- [DIRECTIONS FOR THIS TASK]:
Reproduce the data in full, exactly as given, leaving images out.

- [THE DATA]:
= Beginning of Section =

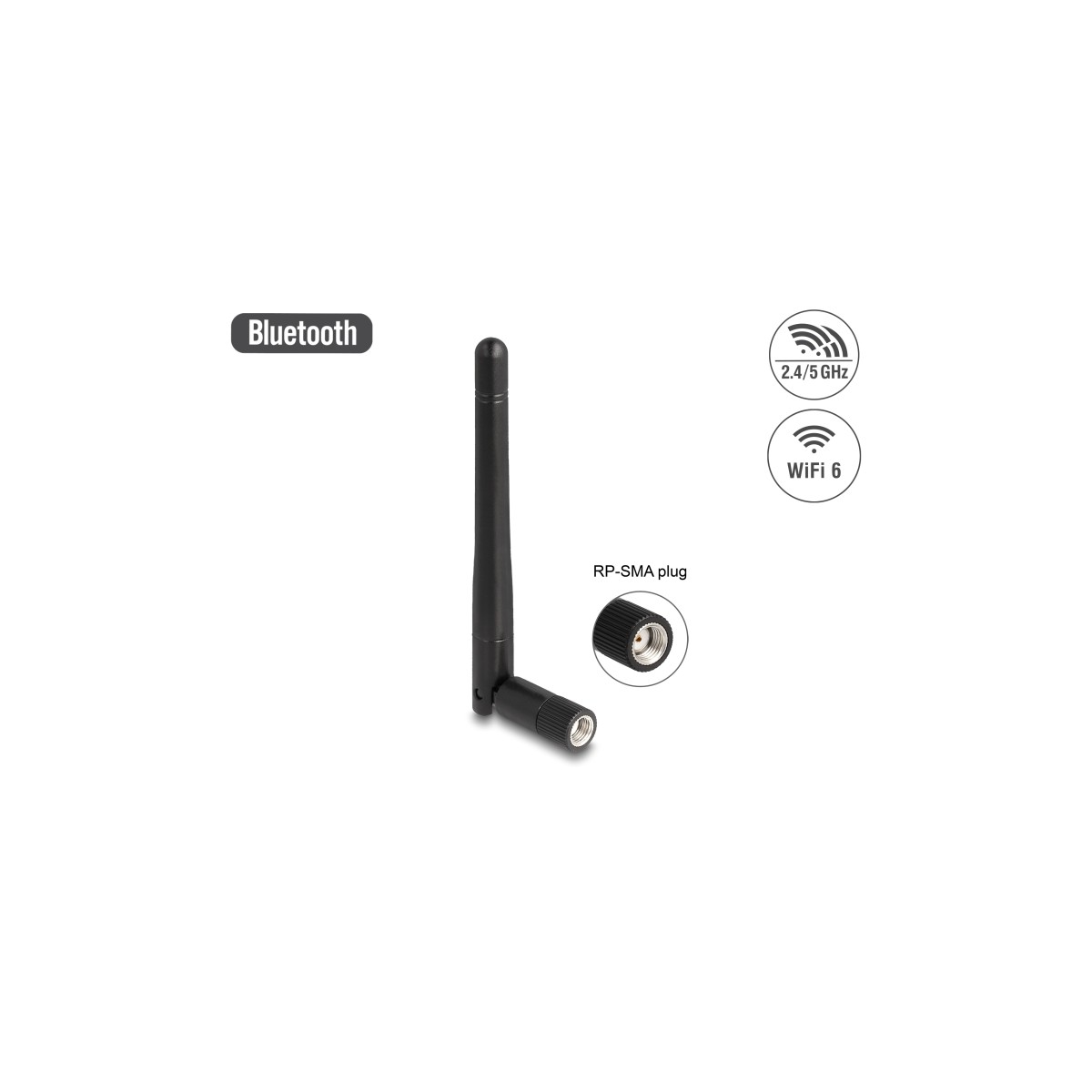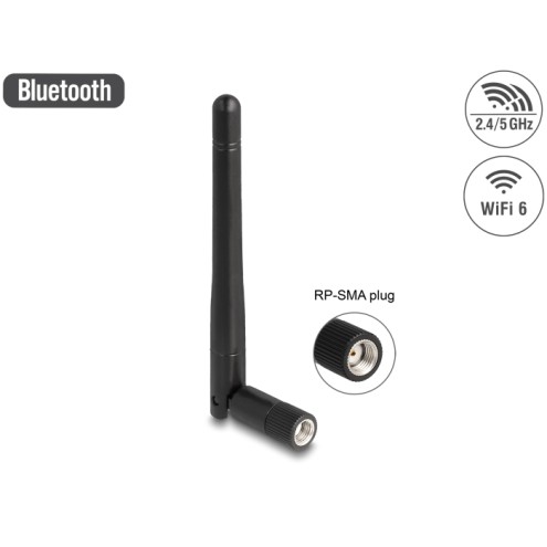 Delock WLAN 802.11 ac/ax/a/b/g/n Antenna RP-SMA plug 2 dBi omnidirectional with tilt joint black
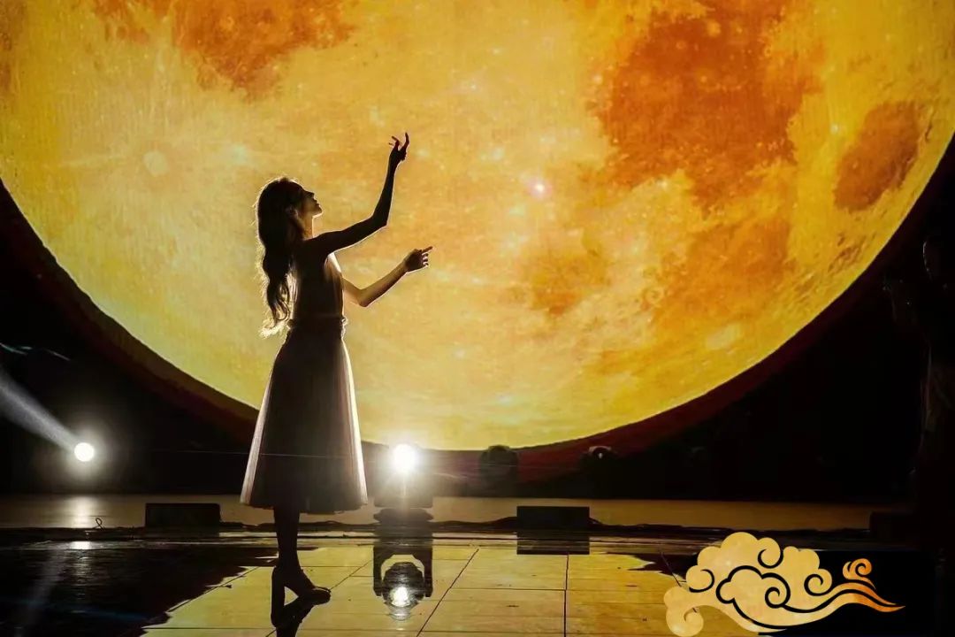 正是花好月圓時刻,360度圓形舞臺,將外景拍攝、虛擬XR技術(shù)與實景山水巧妙融合,充滿浪漫氣息。
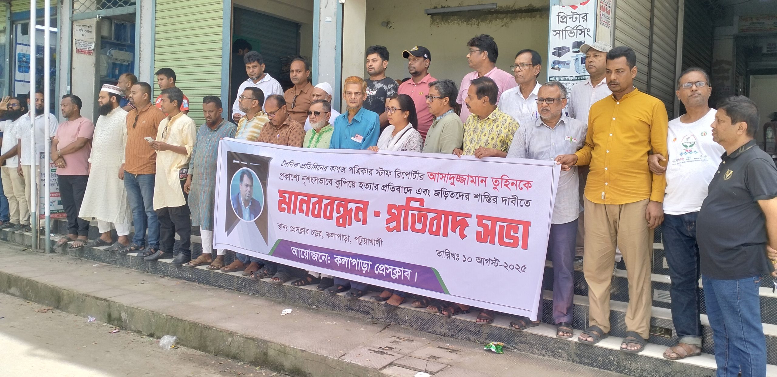 আপন নিউজ ডেস্কঃ দৈনিক প্রতিদিনের কাগজ পত্রিকার স্টাফ রিপোর্টার আসাদুজ্জামান তুহিনকে প্রকাশ্যে নৃশংসভাবে কুপিয়ে হত্যার প্রতিবাদে এবং জড়িতদের দ্রুত গ্রেপ্তার ও দৃষ্টান্তমূলক শাস্তির দাবিতে কলাপাড়ায় মানববন্ধন ও প্রতিবাদ সভা অনুষ্ঠিত হয়েছে।
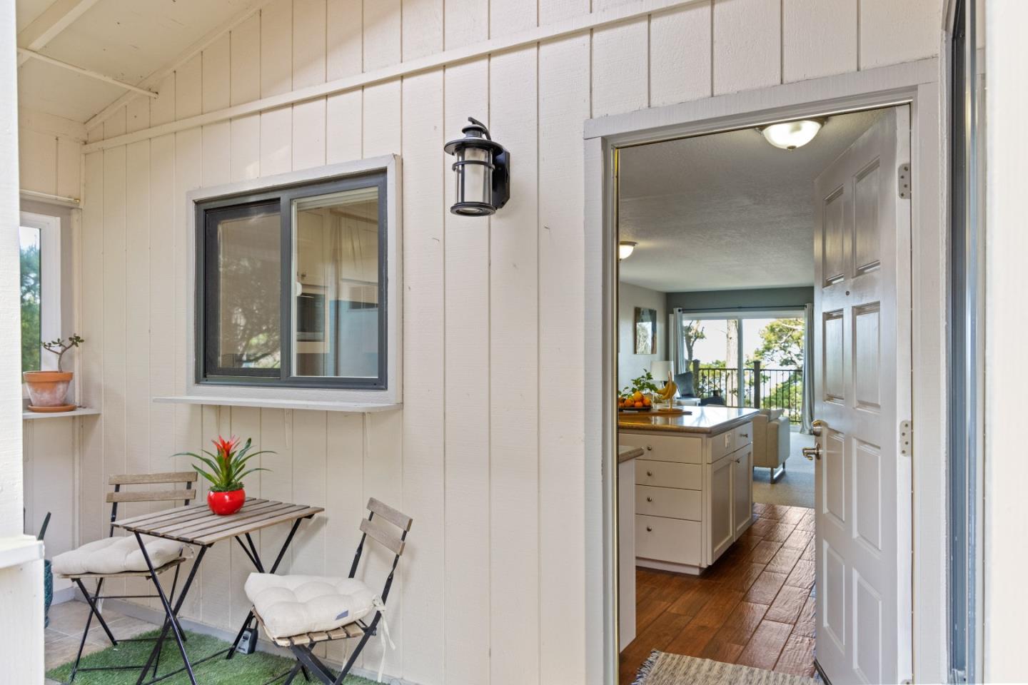Enjoy beautiful ocean and forest views from this private Monterey oasis in Skyline Forest where multiple windows illuminate beautiful west facing vistas. Youll love this upstairs corner unit with open floor plan, chefs kitchen with island and cozy gas fireplace in the living room to warm your evenings. Boasting 2 bedrooms, a double walk-in closet, 1 bath and indoor laundry, this desirable Tanglewood unit is filled with natural light. The balcony is an extension of the living areas and a great spot to admire nature from white-water waves crashing at Point Joe to colorful sunsets. Great location convenient to shopping, hiking trails and hospital with easy access to Highway 1. Enjoy the stress-free ease of condo living and make this property yours. Coastal living at its best!

= End of Section =

- [OUTPUT FOR THIS TASK]:
 Delock WLAN 802.11 ac/ax/a/b/g/n Antenna RP-SMA plug 2 dBi omnidirectional with tilt joint black
 正是花好月圓時刻,360度圓形舞臺,將外景拍攝、虛擬XR技術(shù)與實景山水巧妙融合,充滿浪漫氣息。
 আপন নিউজ ডেস্কঃ দৈনিক প্রতিদিনের কাগজ পত্রিকার স্টাফ রিপোর্টার আসাদুজ্জামান তুহিনকে প্রকাশ্যে নৃশংসভাবে কুপিয়ে হত্যার প্রতিবাদে এবং জড়িতদের দ্রুত গ্রেপ্তার ও দৃষ্টান্তমূলক শাস্তির দাবিতে কলাপাড়ায় মানববন্ধন ও প্রতিবাদ সভা অনুষ্ঠিত হয়েছে।
Enjoy beautiful ocean and forest views from this private Monterey oasis in Skyline Forest where multiple windows illuminate beautiful west facing vistas. Youll love this upstairs corner unit with open floor plan, chefs kitchen with island and cozy gas fireplace in the living room to warm your evenings. Boasting 2 bedrooms, a double walk-in closet, 1 bath and indoor laundry, this desirable Tanglewood unit is filled with natural light. The balcony is an extension of the living areas and a great spot to admire nature from white-water waves crashing at Point Joe to colorful sunsets. Great location convenient to shopping, hiking trails and hospital with easy access to Highway 1. Enjoy the stress-free ease of condo living and make this property yours. Coastal living at its best!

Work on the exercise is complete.